■ Exercise goal:
Copy the records below exactly, starting at the line that contains "日除けに有効な長めのつばは、裏側が黒色でまぶしさを低減。" and ending at the line that contains "숙소에서 10~15분쯤 걸어나오니"; leave out any pictures.

Record set Block Start

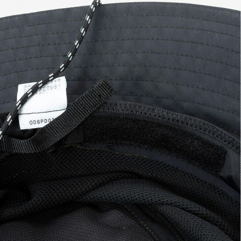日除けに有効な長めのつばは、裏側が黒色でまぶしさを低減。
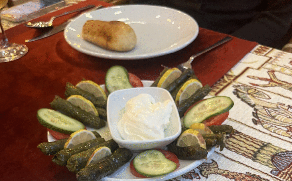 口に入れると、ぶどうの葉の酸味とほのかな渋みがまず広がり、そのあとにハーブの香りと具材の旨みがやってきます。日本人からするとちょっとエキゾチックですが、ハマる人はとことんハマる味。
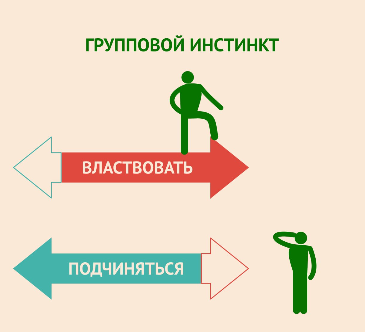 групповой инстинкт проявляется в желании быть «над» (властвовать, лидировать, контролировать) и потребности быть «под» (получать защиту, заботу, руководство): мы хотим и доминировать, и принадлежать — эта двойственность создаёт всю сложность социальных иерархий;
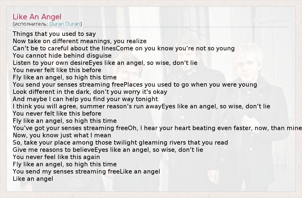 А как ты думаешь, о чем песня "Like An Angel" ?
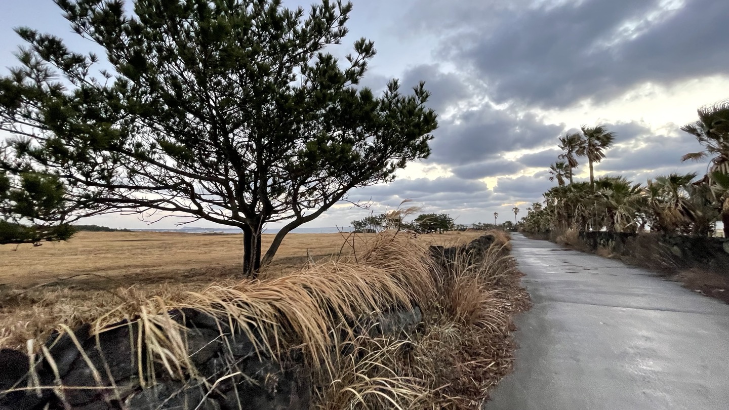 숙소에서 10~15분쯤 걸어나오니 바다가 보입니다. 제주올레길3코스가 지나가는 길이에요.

Record set Block End
Record set Block Start

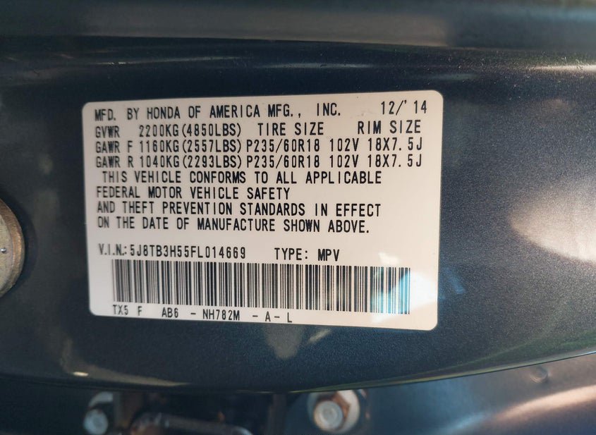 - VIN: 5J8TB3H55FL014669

Record set Block End
Record set Block Start

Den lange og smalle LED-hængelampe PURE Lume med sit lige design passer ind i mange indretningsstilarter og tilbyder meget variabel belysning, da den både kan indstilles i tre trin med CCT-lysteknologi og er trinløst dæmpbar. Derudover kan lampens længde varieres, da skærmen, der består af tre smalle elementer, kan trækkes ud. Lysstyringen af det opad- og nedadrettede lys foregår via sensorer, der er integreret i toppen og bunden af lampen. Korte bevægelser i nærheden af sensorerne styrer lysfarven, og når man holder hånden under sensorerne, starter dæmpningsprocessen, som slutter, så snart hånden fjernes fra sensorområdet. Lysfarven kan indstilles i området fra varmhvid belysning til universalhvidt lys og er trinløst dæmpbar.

Record set Block End

■ Completed exercise:
日除けに有効な長めのつばは、裏側が黒色でまぶしさを低減。
 口に入れると、ぶどうの葉の酸味とほのかな渋みがまず広がり、そのあとにハーブの香りと具材の旨みがやってきます。日本人からするとちょっとエキゾチックですが、ハマる人はとことんハマる味。
 групповой инстинкт проявляется в желании быть «над» (властвовать, лидировать, контролировать) и потребности быть «под» (получать защиту, заботу, руководство): мы хотим и доминировать, и принадлежать — эта двойственность создаёт всю сложность социальных иерархий;
 А как ты думаешь, о чем песня "Like An Angel" ?
 숙소에서 10~15분쯤 걸어나오니 바다가 보입니다. 제주올레길3코스가 지나가는 길이에요.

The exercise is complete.